1. Get a very firm grip on your business costs.

Have a very precise idea of, for example, the costs of your office space, petrol to see clients, personal assistant’s salary, catering bill, electricity bill and taxes. A well run business pays attention to all of these things so you are able to be realistic about profits.

2. Differentiate yourself through your value proposition

Ultimately charging a fee means that clients need to understand and be willing to pay for the value you offer. Be precise about what you offer, and package it in a way that is useful and attractive to clients. In addition, different clients will be able to afford different levels of service. There could thus be advantages to delivering your value proposition in different packages, and charging accordingly.

3. How will you handle the admin in terms of collections and invoicing?

Have a clear plan in place for handling defaulting clients. Avoid this scenario by having legal contracts in place.

4. Look for ways to ensure regular income to help cash flow and ensure costs can be covered.

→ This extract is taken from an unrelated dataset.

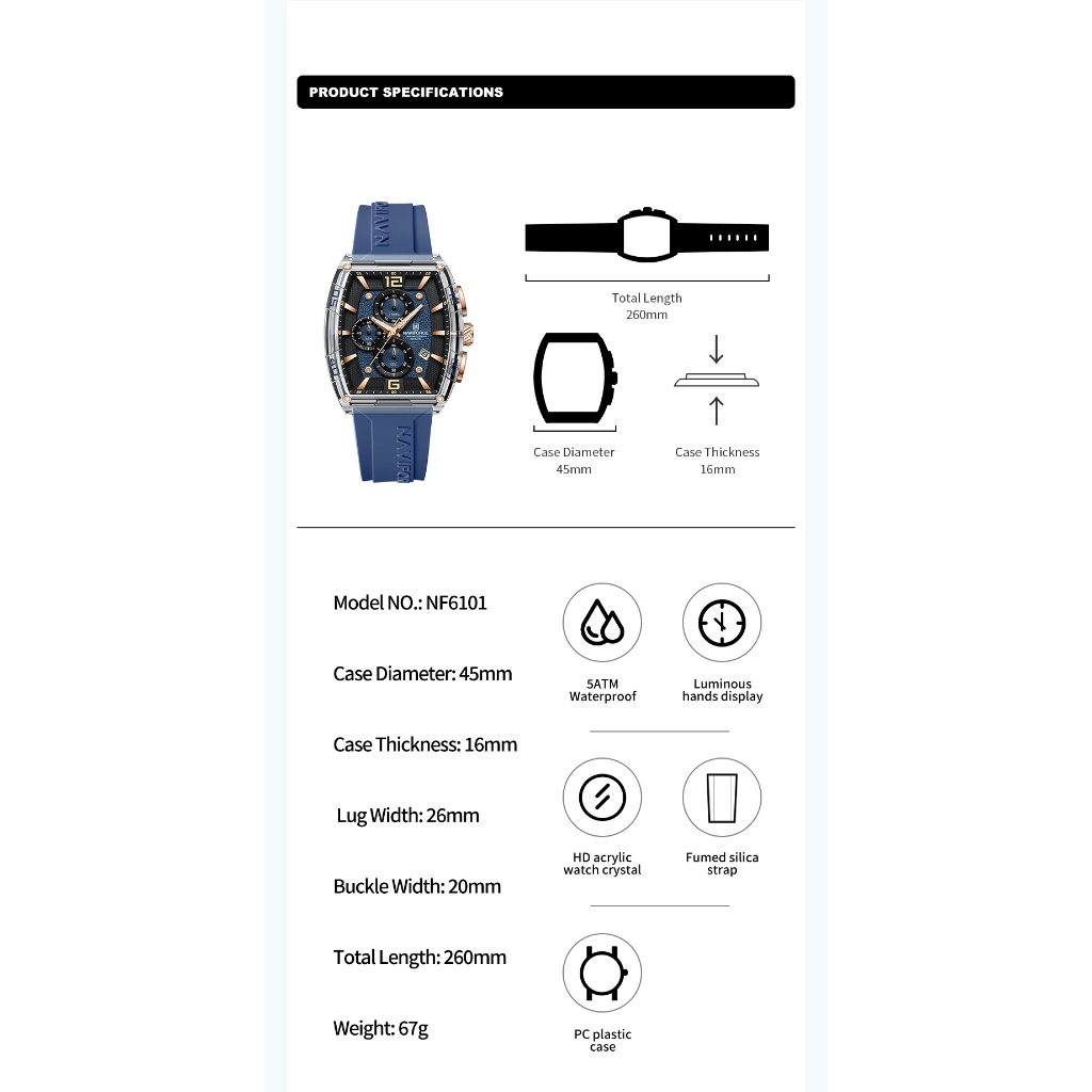NAVIFORCE 6101 Relógio Masculino À Prova D'água Com Mostrador Multifuncional Esportivo Moderno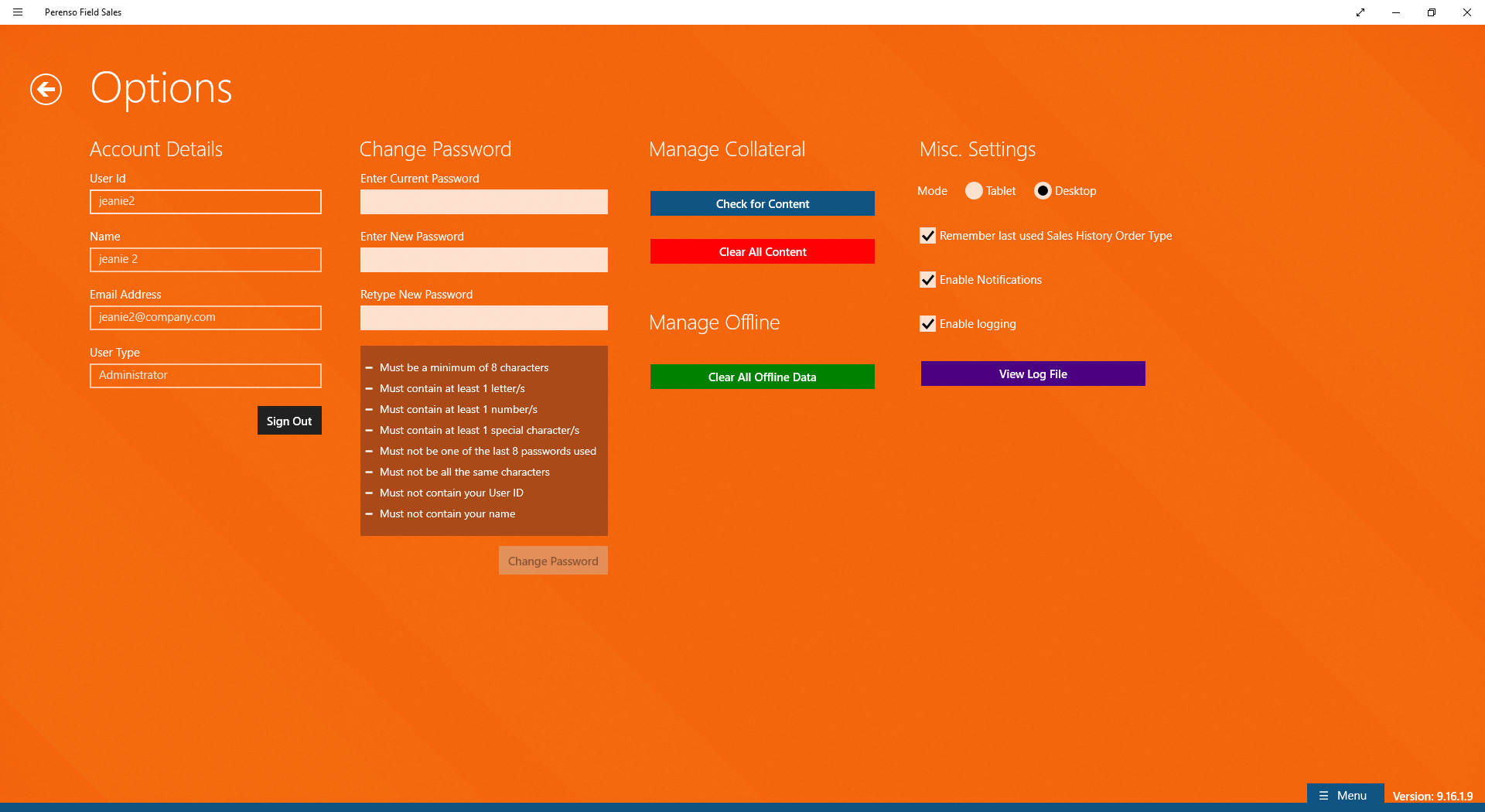 With the new update, password rules can be set up by the Perenso Administrator.

Risk products which still see intermediaries earn a specified commission upfront and the rest paid out over the policy term or an ongoing retainer can secure a certain level of service on a monthly basis. If you opt for the retainer route, make sure you clearly define what is included on the retainer and what is not. This will help you avoid spending time doing things you are not compensated for, which can make the retainer unprofitable. Also ensure to review your fee on an annual basis, which will also give you an opportunity to revisit your services offered.

5. Get your invoicing systems in place and tight
.
Invoicing, collecting and contracting are vital to keeping your business afloat. There needs to be an upfront contract stipulating the terms of the client and intermediary agreement. In the past, the insurance provider handled the entire process, including fee collection and the legal ramifications of clients defaulting on payments. Now, this will be up to the intermediary, which presents an opportunity for a closer relationship with a client.

6. Consider investing in a good accountant from the outset.

Handing over the financial management of your company to someone else will allow you to focus on your core skills of giving financial advice to clients. They can take care of profitability and advise on pricing models, cash flow, taxes, among other things.

The key is to start planning ahead. If you haven’t done so already, it may be worth spending some time dedicated to upfront planning and research, which can benefit you greatly in the long run.